- [Your goal]:
Print only the lines from the top of the data through the line with "フランスの波の辺は色の半袖の", both included, skipping every picture.
*** Opening Records ***
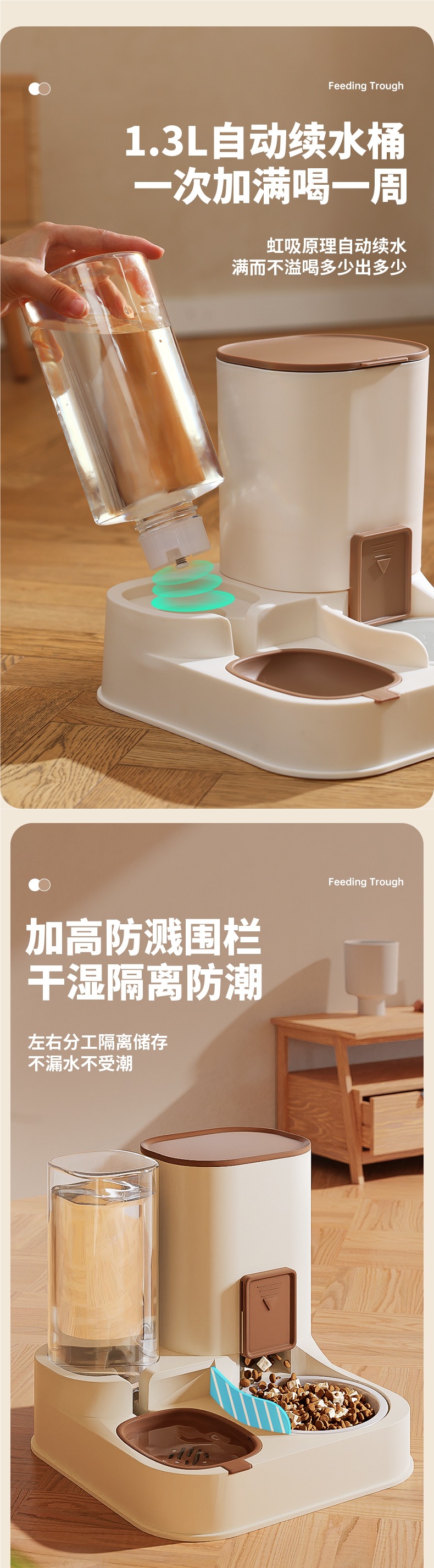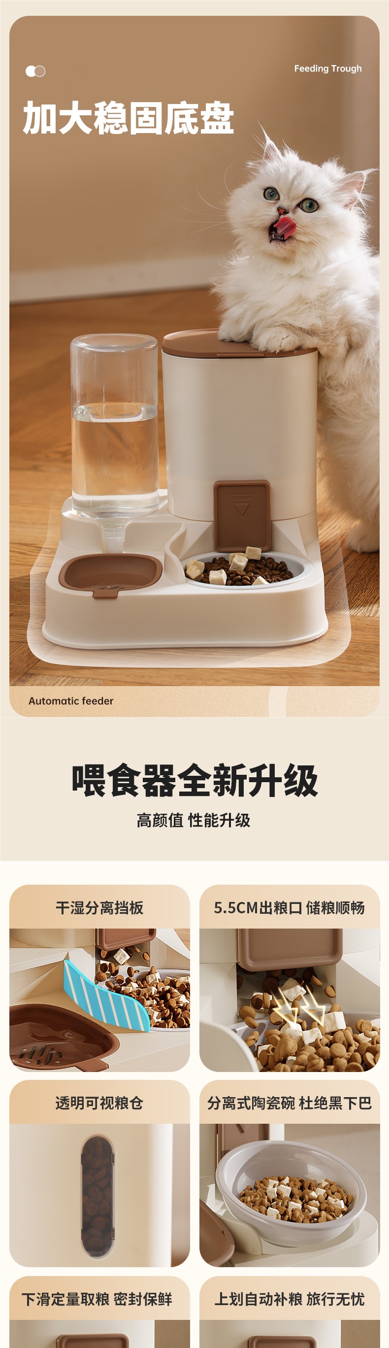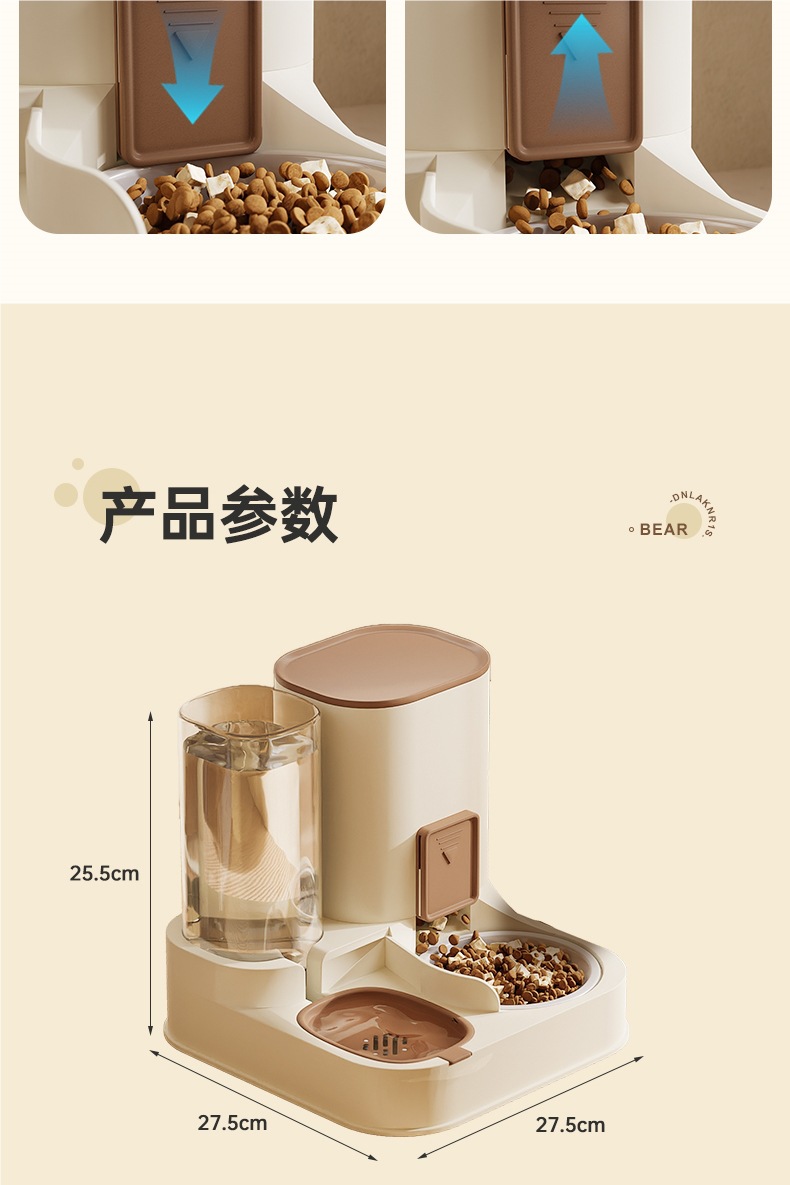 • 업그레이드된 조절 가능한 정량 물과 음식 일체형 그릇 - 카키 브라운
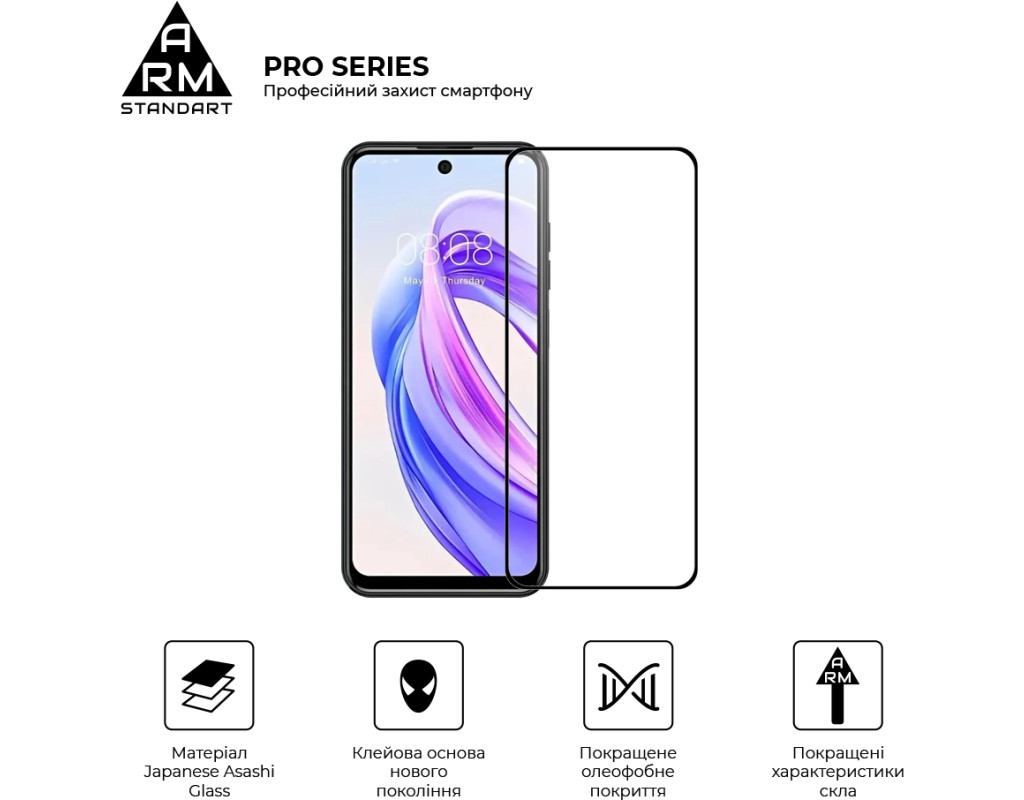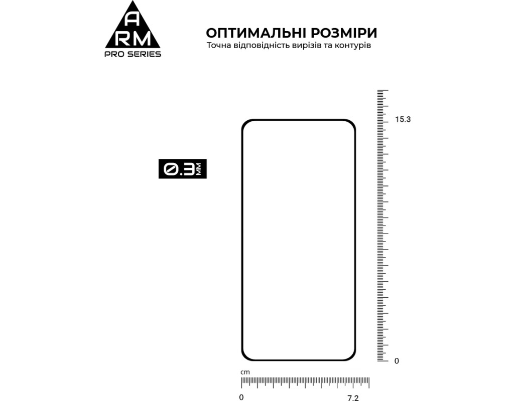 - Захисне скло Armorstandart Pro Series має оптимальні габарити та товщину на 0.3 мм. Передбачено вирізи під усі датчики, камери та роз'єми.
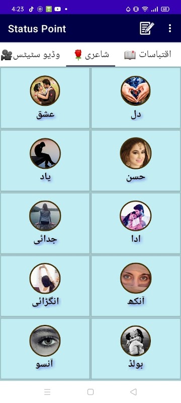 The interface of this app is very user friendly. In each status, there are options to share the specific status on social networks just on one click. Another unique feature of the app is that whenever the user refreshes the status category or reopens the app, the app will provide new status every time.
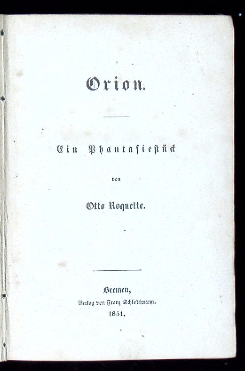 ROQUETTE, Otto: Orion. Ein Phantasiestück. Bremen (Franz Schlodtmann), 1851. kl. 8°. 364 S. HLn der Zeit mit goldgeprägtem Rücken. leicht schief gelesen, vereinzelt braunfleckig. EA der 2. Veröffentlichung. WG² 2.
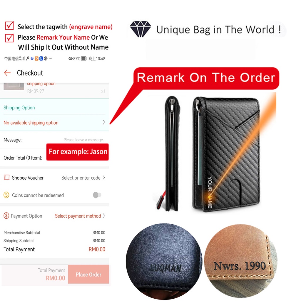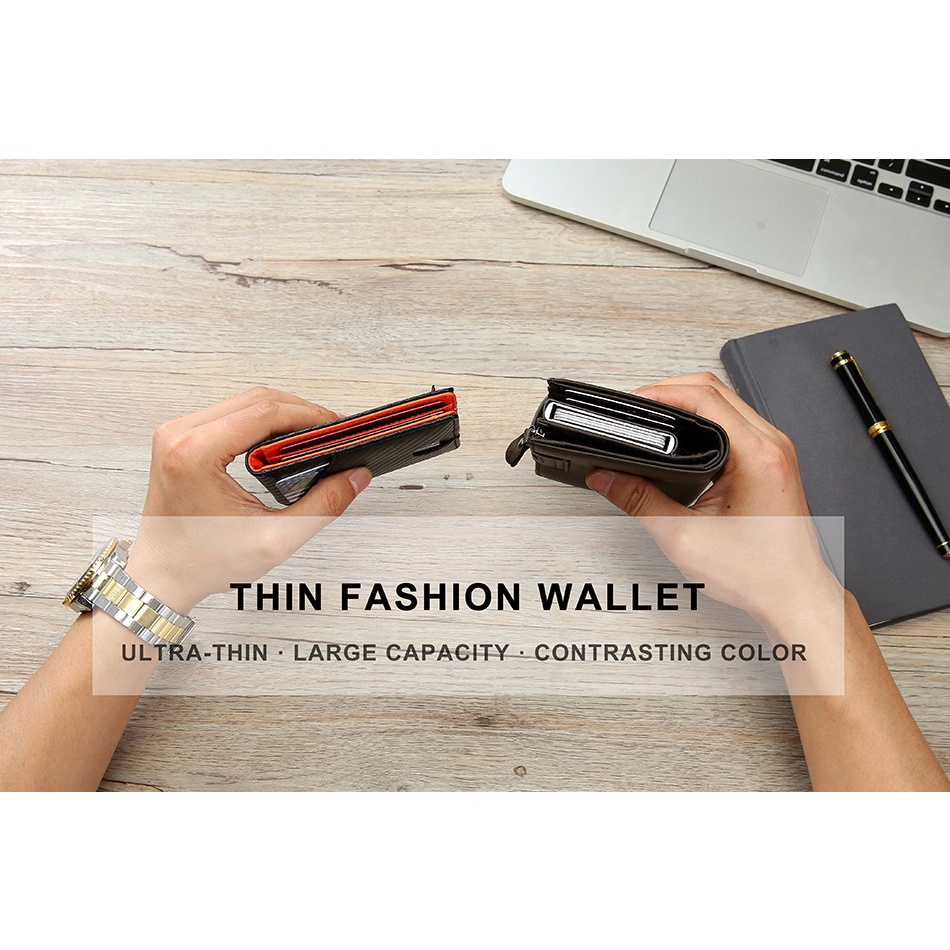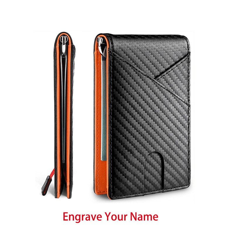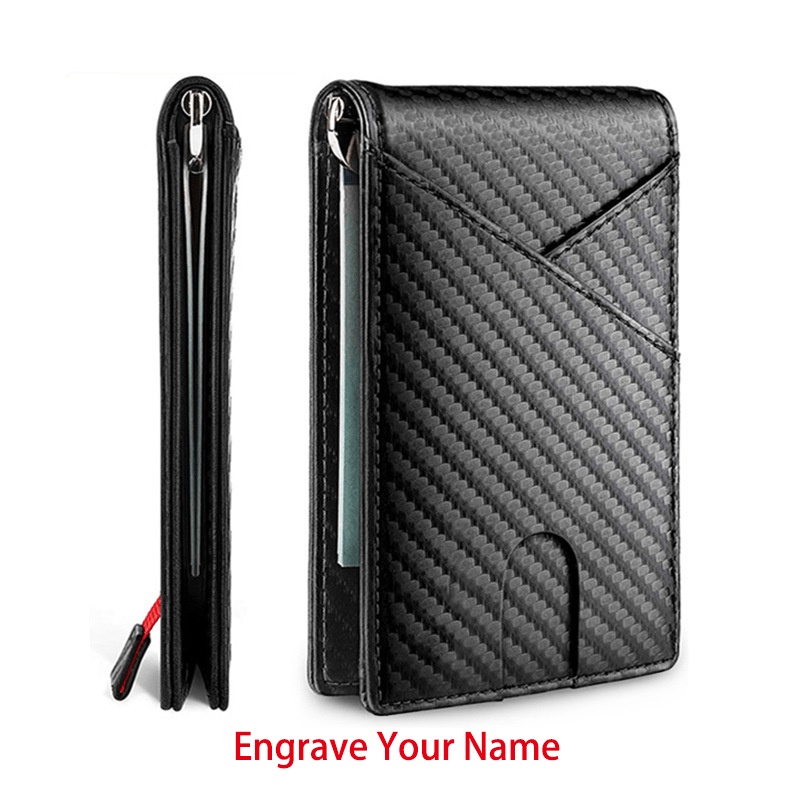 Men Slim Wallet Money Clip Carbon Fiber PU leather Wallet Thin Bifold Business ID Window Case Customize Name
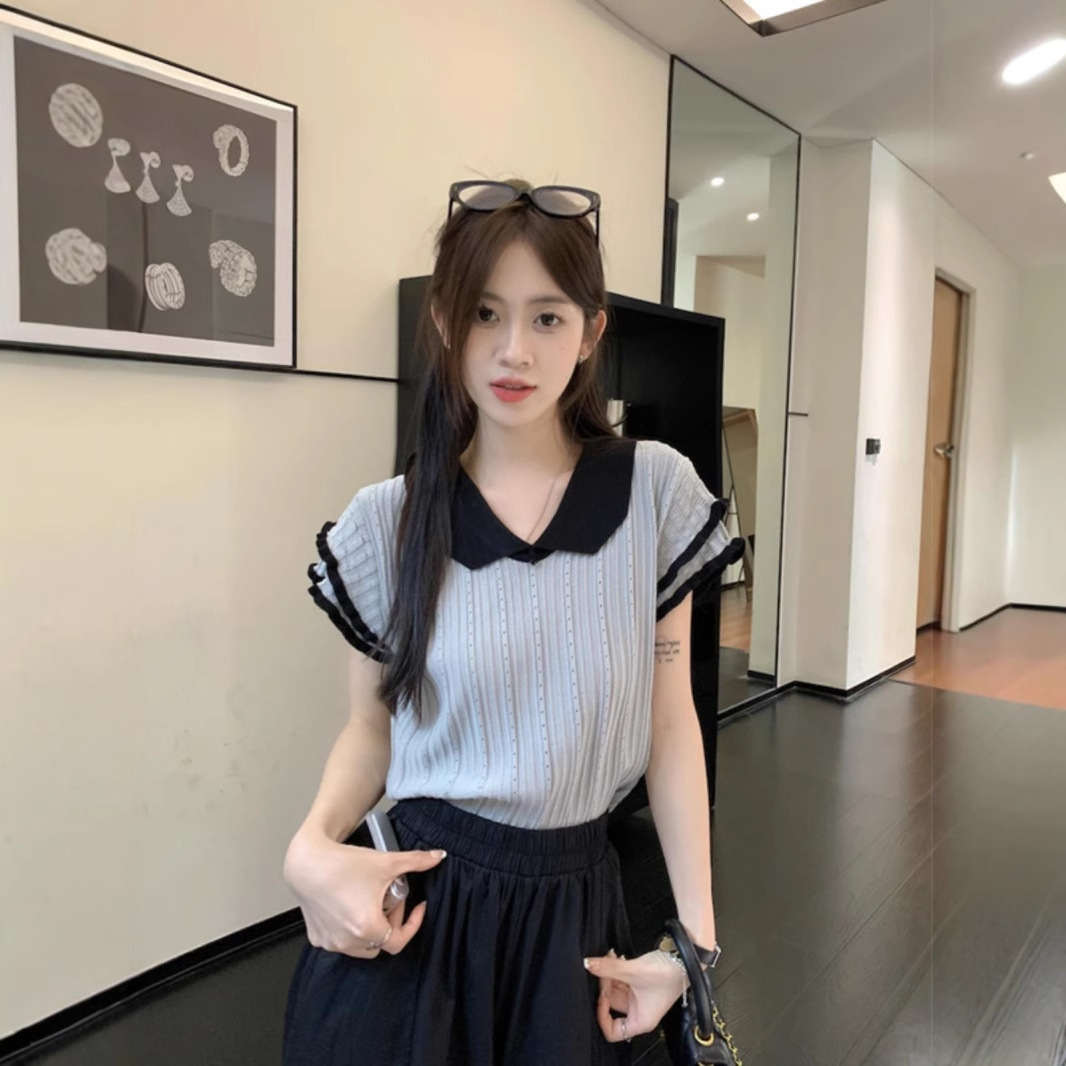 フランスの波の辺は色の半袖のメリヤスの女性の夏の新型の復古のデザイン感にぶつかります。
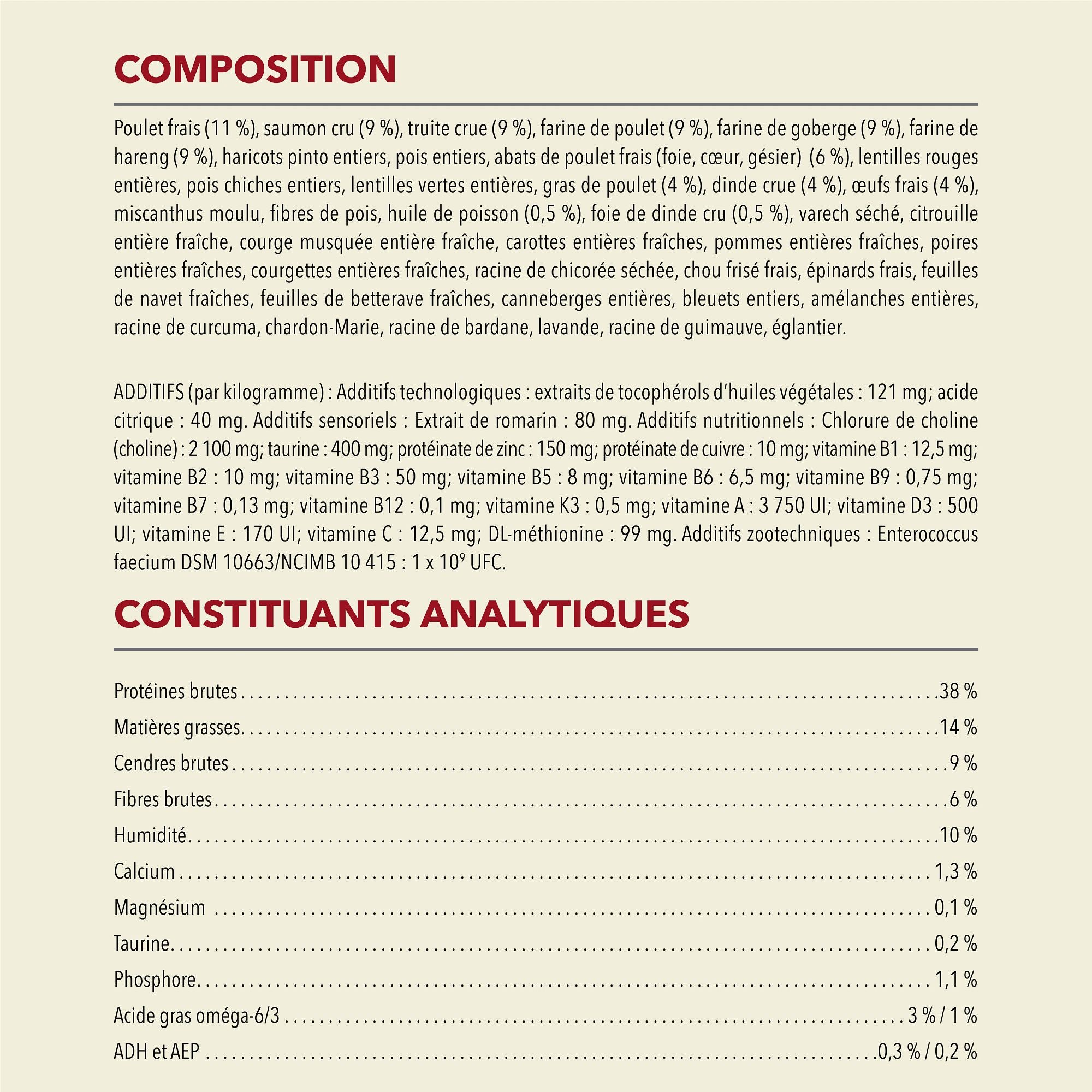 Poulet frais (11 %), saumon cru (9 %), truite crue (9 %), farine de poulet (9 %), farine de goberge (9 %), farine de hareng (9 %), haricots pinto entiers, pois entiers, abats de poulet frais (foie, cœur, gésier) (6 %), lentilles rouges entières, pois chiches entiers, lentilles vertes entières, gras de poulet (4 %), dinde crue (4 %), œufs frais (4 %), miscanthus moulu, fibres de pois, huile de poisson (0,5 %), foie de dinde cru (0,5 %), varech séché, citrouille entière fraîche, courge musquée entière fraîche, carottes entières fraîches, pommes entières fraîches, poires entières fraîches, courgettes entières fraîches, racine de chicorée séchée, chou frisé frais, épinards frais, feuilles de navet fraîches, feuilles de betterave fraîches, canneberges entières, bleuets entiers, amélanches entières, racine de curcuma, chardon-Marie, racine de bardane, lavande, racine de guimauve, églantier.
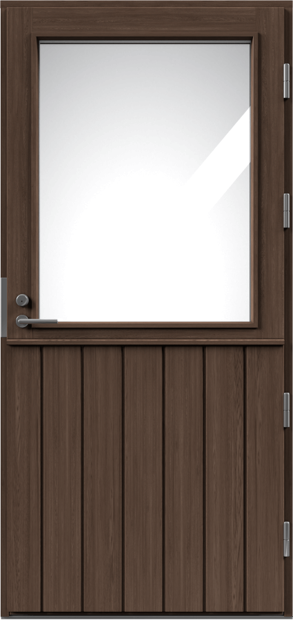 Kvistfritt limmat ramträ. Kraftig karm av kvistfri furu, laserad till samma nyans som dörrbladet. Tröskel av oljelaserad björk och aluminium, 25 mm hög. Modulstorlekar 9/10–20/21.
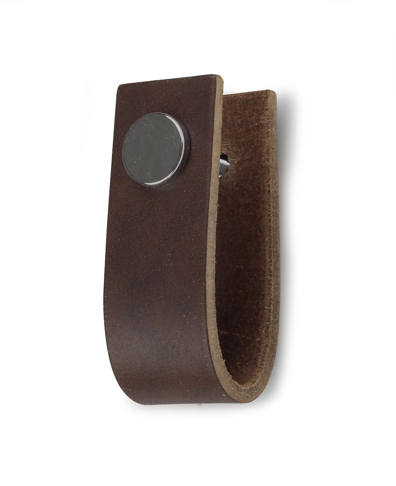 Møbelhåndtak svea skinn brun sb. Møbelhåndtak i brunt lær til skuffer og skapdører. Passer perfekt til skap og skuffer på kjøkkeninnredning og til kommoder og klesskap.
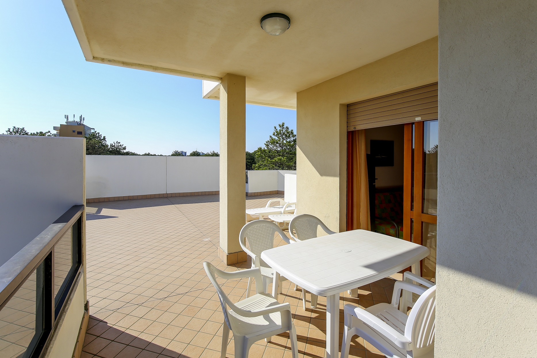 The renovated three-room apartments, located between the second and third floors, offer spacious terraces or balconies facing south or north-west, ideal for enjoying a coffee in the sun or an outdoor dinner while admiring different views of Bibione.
*** Closing Records ***
- [Task solution]:
 • 업그레이드된 조절 가능한 정량 물과 음식 일체형 그릇 - 카키 브라운
 - Захисне скло Armorstandart Pro Series має оптимальні габарити та товщину на 0.3 мм. Передбачено вирізи під усі датчики, камери та роз'єми.
 The interface of this app is very user friendly. In each status, there are options to share the specific status on social networks just on one click. Another unique feature of the app is that whenever the user refreshes the status category or reopens the app, the app will provide new status every time.
 ROQUETTE, Otto: Orion. Ein Phantasiestück. Bremen (Franz Schlodtmann), 1851. kl. 8°. 364 S. HLn der Zeit mit goldgeprägtem Rücken. leicht schief gelesen, vereinzelt braunfleckig. EA der 2. Veröffentlichung. WG² 2.
 Men Slim Wallet Money Clip Carbon Fiber PU leather Wallet Thin Bifold Business ID Window Case Customize Name
 フランスの波の辺は色の半袖のメリヤスの女性の夏の新型の復古のデザイン感にぶつかります。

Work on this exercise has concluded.